И только заботы жизни, вязкая ее суета заземляют, уравновешивают его. 

 

*    *    *

 

Жалок человек и наивен, когда говорит: “Оставьте меня в покое, дайте же мне покой!”

Потому что — если в нем самом нет покоя, кто может его ему дать?               

И если оставить такого в пустой и оглохшей комнате — наедине с собой, он сам начинает через весьма малое время рваться наружу, искать событий, людей.

Ибо — страсти его, пребывая праздными, выползают наружу, присматриваются, к чему бы здесь прицепиться, на кого бы напасть. Начинают шикать, шипеть, поднимая головы, перебраниваются на разные голоса.

И мысли его раздваиваются, спорят между собой. Будто в пьесе какой, где спорят бранчливые А и Б.

И чувства, не находя волнореза, разбалтываются, выходят из берегов. Начинается наводнение, ураган.

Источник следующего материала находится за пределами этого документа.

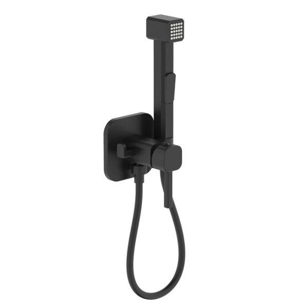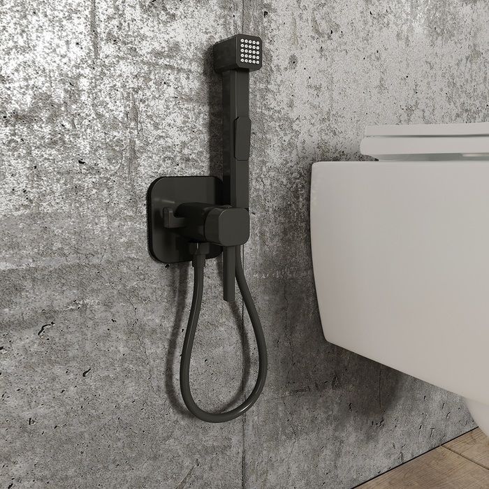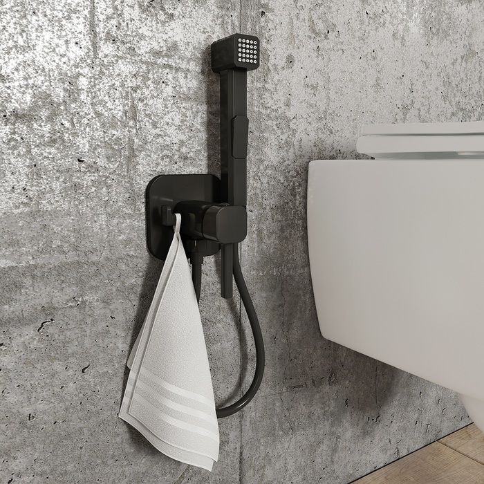 Встраиваемый смеситель с гигиеническим душем в стильном матовом черном цвете станет отличным дополнением современной ванной комнаты, привнесет в нее комфорт и эстетику. Имеет крючок для полотенца. Крючок и держатель для лейки при необходимости можно поменять местами. Гигиеническая лейка и гладкий душевой шланг длиной 1,2 метра в комплекте. Экономит пространство и упрощает уборку — благодаря скрытому монтажу в стену (на глубину 40-60 мм) и отсутствию больших выступающих элементов конструкции. Подключается с помощью любых труб, диаметр входных отверстий ½ дюйма.

Гибнет княжна Тараканова в мутной темной воде.

 

*    *    *

 

Удивительно, как человек изворотлив, как он живуч! Чем только не способен гордиться, хвастаться человек! Что только в себе не отыщет, чтобы сделать точкой опоры, рычагом, мир поворачивающим к себе.

— У меня — самые малосольные огурцы!

— У меня — самая больная в больнице печень!

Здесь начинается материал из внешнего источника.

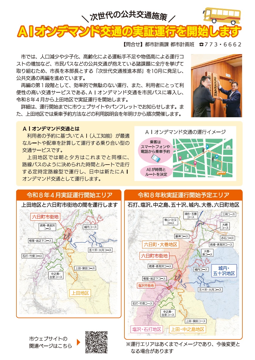くらし AIオンデマンド交通の実証運行を開始します 2/29 前の記事 次の記事 発行日 : 2025年12月01日 自治体名 : 新潟県南魚沼市 広報紙名 : 市報みなみ魚沼 令和7年12月号 Tweet シェアする 南魚沼市中学生高校生海外派遣研修事業 帰国報告会 降雪時期に備えましょう
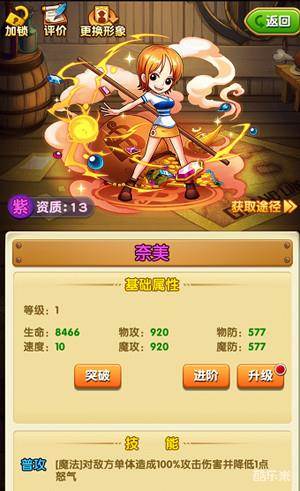 在《航海王强者之路》中也同样如此。但虽然娜美是一个辅助角色,她却有一颗不甘于只是辅助的心。在游戏中,娜美有着非常强大的综合能力,能肉能辅助也能输出,此次红卡升金,娜美的实力再次飙升。作为小编最心爱的角色,娜美人气与实力兼备,排在第一自然当之无愧。

— У меня — самые черные мысли, каких не было никогда и ни у кого!

— А у меня — самые-самые непростительные грехи!

 

*    *    *

 

Удивительно, как беспомощен человек, как хрупок, словно обложенный скорлупой. Стоит ему лишь услышать тихое: “А я тебя не люблю”, — как в нем что-то хрустнет, зазвенит, треснет, оборвется, и тьмою зальет глаза…

И тогда он резко так вскочит и лицо спрячет, и обхватит руками голову, и пойдет  не разбирая дороги, и побежит, побежит…

 

*    *    *

 

— Заведу собаку, — говорит человек. — Пусть она будет меня любить, видеть во мне своего хозяина, уважать. Будет меня безропотно слушаться, преданно глядеть в глаза, драться за меня и кусаться, а если надо, то и умрет за меня!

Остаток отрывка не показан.